Letters of credit have been around almost as long as commercial trade itself. However, in today’s digital world, letters of credit can be a cumbersome, expensive and time-consuming tool for facilitating a transaction. More importantly, letters of credit place a burden on your buyers at a time when you want a transaction to go as smoothly as possible.
Consider the following issues buyers can have with letters of credit:
- It is up to the buyer, not the seller, to obtain and pay for any letters of credit.
- Buyers must obtain a letter of credit from their banks for every shipment.
- Letters of credit can tie up the buyer’s lines of credit with its bank.
- Even the smallest errors or problems with a letter of credit can cause a bank involved to refuse to issue payment once the shipment arrives.
Because of these drawbacks, buyers may resist using letters of credit, especially if they are used to dealing with open account terms that allow payment after they have received a shipment.

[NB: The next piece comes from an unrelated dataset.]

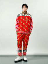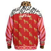 Turn heads and command attention with the Cheetah in Pink Zebra Stripes Heavyweight Quarter Zip Unisex Pullover, a fearless blend of bold animal prints, playful patterns, and unapologetic style. The body bursts with a rich red backdrop covered in a repeating cheetah motif, each feline exuding poise and power. Across the upper panel, striking black-and-white zebra stripes meet a mandarin collar in leopard print for a fierce contrast, while the sleeves deliver bold pink-and-red zebra stripes that flow into leopard-print cuffs trimmed with colorful patterned bands. Along the hem, retro-inspired concentric circles in red, pink, and gold add an unexpected pop of graphic charm.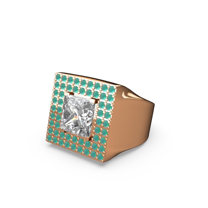 Beyaz zirkon ve kök zümrüt 14 ayar rose altın yüzük

The Credit Insurance Alternative
Credit insurance can remove these burdens from buyers and simplify transactions. Using credit insurance, you can:
- Create the means for easy payment that does not impact buyers’ access to credit.
- Offer open terms and more aggressive credit limits to your customers.
- Eliminate the need for invoices or shipping documents, unless a buyer defaults on payment.
- Ensure that payment is based solely on compliance with the contract of sale.
- Pursue safe sales expansion and gain access to more working capital to recapture the cost of credit insurance.
Offer your customers the best payment terms and expand your business using credit insurance.